Bobby Hicks was also one of the oldest country and bluegrass legends around at 91. Now he’s gone to take his final rest.

“This morning at 3:30 am, bluegrass music’s greatest fiddler passed peacefully in his sleep from this world onto the next,” announced Hicks understudy and banjo player Lincoln Hensley on Friday, August 16th. “Bobby Hicks was the greatest at many things. Fiddle tone, pulling a bow, playing double stops, arranging harmony, singing a classic country song, telling a great joke, etc. He was also the greatest at being a friend to those he loved.”

Bobby Hicks was considered the “King of the Double Stops” by many of his fiddle-playing brothers and sisters, and in some estimations, he was one of the greatest fiddle players of all time.

Born in Newton, North Carolina on July 21st, 1933, Bobby Hicks picked up fiddle playing just before his 9th birthday and never looked back. After winning the North Carolina Fiddle Championship at age eleven, he began to receive national recognition for his skills. By the early ’50s he was performing professionally in the band of bluegrass and country star Jim Eanes.

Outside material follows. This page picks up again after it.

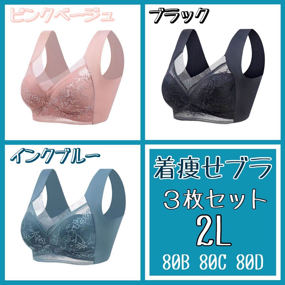 - 胸を小さく見せるブラ シームレス ノンワイヤー 2L ナイトブラ 美胸 人気 ブラジャー レース
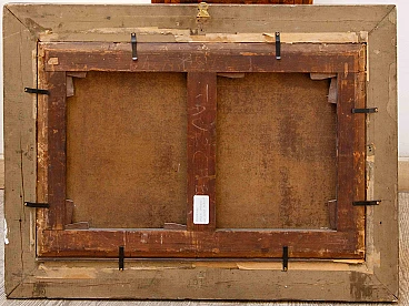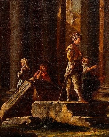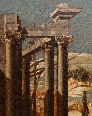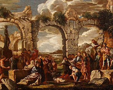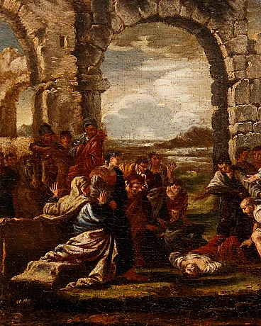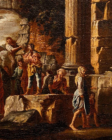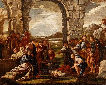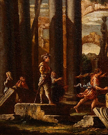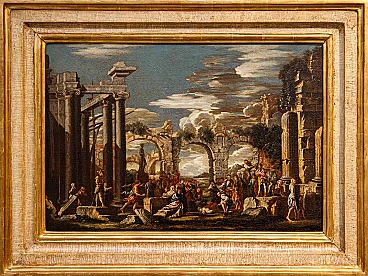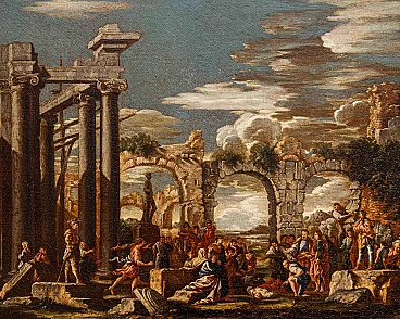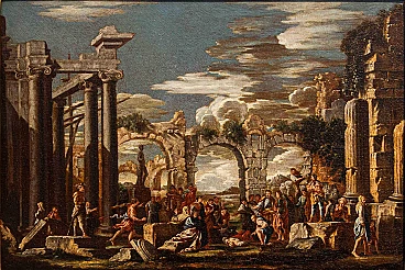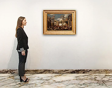 Giovanni Ghisolfi (Milano, 1623 - 1683), attr., Capriccio con scena biblica, olio su tela, cm 50X74, con cornice cm 67 x 90. L’opera in esame raffigura un episodio biblico entro uno sfondo di rovine architettoniche classiche. Più precisamente viene narrato il secondo miracolo di Pietro. A Giaffa viveva una sarta di nome Tabita conosciuta per la sua bontà e per le sue opere caritatevoli. A un certo punto, Tabita si ammalò e morì: gli altri discepoli, saputo che Pietro si trovava nella vicina città di Lidda, lo mandarono a chiamare. Giunto presso la casa di Tabita, Pietro incontrò delle altre vedove in lacrime, che gli mostrarono gli abiti che la donna usava far loro. L'apostolo si mise a pregare, in solitudine, nella stanza dov'era stata lasciata Tabita, e le disse "Tabita, alzati!": quando ebbe detto queste parole, la donna resuscitò. La sequenza di arcate fiancheggiata da quel che rimane di un tempio ionico, così come i rocchi e le basi di colonne, fra cui si destreggiano le figure ricordano soluzioni compositive tipiche di Giovanni Ghisolfi. Tali elementi si ritrovano infatti in scena classica con rovine a Dresda, gemaldegalerie, o la coppia Marina con rovine e Rovine sulla costa di Collezione privata o ancora Didone trova il teschio di cavallo indicatole da Giunone nel punto in cui fondare Cartagine presso la Galleria Sabauda di Torino. In Apparizione di Mercurio ad Alessandro Magno ad Hannover (Niedersachsisches Landesmuseum) si nota invece l’impalcatura per la ricostruzione degli edifici, espediente impiegato dal Ghisolfi anche in altre due tele di analogo soggetto ma di ubicazione sconosciuta. Giovanni Ghisolfi fu l'antesignano di un genere pittorico che solo nel XVIII secolo e con Giovanni Paolo Pannini conseguì una straordinaria fortuna illustrativa. Ghisolfi nasce a Milano nel 1623, figlio di Giuseppe, architetto piacentino attivo nel capoluogo lombardo nel XVII secolo. il pittore si formò in ambito familiare e la prima notizia certa sulla sua attività si ha quando, nel 1649, è citato come partecipante alla realizzazione degli allestimenti di archi trionfali e decorazioni pittoriche varie per l’accoglienza all’Arciduchessa Marianna d’Austria. Trasferitosi a Roma intorno al 1650 insieme ad Antonio Busca, verosimilmente prese parte ai cantieri cortoneschi e iniziò una interessante collaborazione con Salvator Rosa, per il quale dipinse paesaggi e vedute architettoniche. Da questo sodalizio e dall’osservazione di uno dei pioniere del genere, il Codazzi, il milanese apprende il giusto modo di inserire la presenza umana entro la cornice architettonica: le sue figure appaiono infatti eseguite con scioltezza, spesso distribuite in primo piano, soprattutto nella sua prima maturità. Nella città eterna si dedicò certamente allo studio dell’architettura antica e al disegno di frammenti architettonici: tale propensione illustrativa e archeologica rivela presto un'intima vena classicista, contrassegnata da eleganti equilibri compositivi, rintracciabile anche nel presente. Dal 1659 lo ritroviamo in Lombardia dove si cimenta nella decorazione a tema religioso nella cappella dedicata a San Benedetto della Certosa di Pavia e nella cappella del Sacro Monte di Varese dedicata alla Presentazione al tempio. Divenuto pittore di fama lo ritroviamo anche a decorare alcuni palazzi della nobiltà milanese, tra cui palazzo Omodei a Cusano Milanino e palazzo Borromeo-Arese a Cesano Maderno e in palazzo Litta-Modignani a Varese. Lavora anche a Vicenza e Varese dove, nel 1675, è chiamato a eseguire la decorazione della volta e del presbiterio e del coro di san Vittore con La gloria di san Vittore. Morì a Milano nel 1683 e fu sepolto nella chiesa di S. Giovanni in Conca. Giovanni Ghisolfi, oltre che pittore di grandi composizioni a sfondo sacro, è oggi conosciuto anche come paesaggista e realizzatore di capricci: con capricci si intende quando, in pittura vengono combinati assieme, in modo spesso stravagante, elementi quali rovine, edifici ed elementi architettonici vari. Da questi suoi dipinti emerge un senso di classicismo, reso attraverso composizioni lineari, dai colori chiari e luce diffusa, e una solida impostazione architettonica che fanno di Ghisolfi un anticipatore del vedutismo settecentesco. L’opera del Ghisolfi sarà di fatto un riferimento importante per il pittore Giovanni Paolo Pannini che nel 1744 riprenderà nel suo quadro raffigurante le “Rovine con la parabola del pesce” conservato nel Nelson-Atkins Museum di Kansas City un’opera di Ghisolfi del medesimo soggetto conservata nella collezione Almagià.

In 1953, Hicks was hired on in the greatest bluegrass outfit in the land: Bill Monroe’s Blue Grass Boys. He was actually hired in as a fill-in bass player, but it didn’t take long for him to graduate to fiddle. Hicks had to adapt his playing a bit to fit more of the Nashville style of bluegrass, but ultimately earned the compliment from Bill Monroe as being, “the truest fiddler I ever heard.”

Hicks would remain in the Blue Grass Boys until 1959—save for a stint when he joined the Army in 1956, but returned to the band in 1958. Hicks left to join Porter Wagoner’s band, and later moved on to the Judy Lynn Show in Las Vegas where he performed for seven years. This put him a bit out-of-sight in the bluegrass world for a bit. But when he joined up with Ricky Skaggs in 1981, he would do so already as a legend of the genre. That relationship would last for 23 years.

During the 1980s, Bobby Hicks also rejoined Bill Monroe and the Blue Grass Boys on numerous occasions, both live and in the studio. Many of Bill Monroe’s most famous recordings feature Bobby Hicks on fiddle, as do many Ricky Skaggs recordings. But Bobby also recorded about a dozen albums of his own. He also appears on scores of country recordings.

Bobby Hicks was also part of numerous supergroups and collaborations, including the “Masters of Bluegrass” with Bobby Osborne, J.D. Crowe, and Del McCoury. He became a member of Jesse McReynolds and the Virginia Playboys in the early 2000s. Though he always seemed to play second fiddle to whoever’s band he was in, he was often, if not always, the most revered musician in the lineup.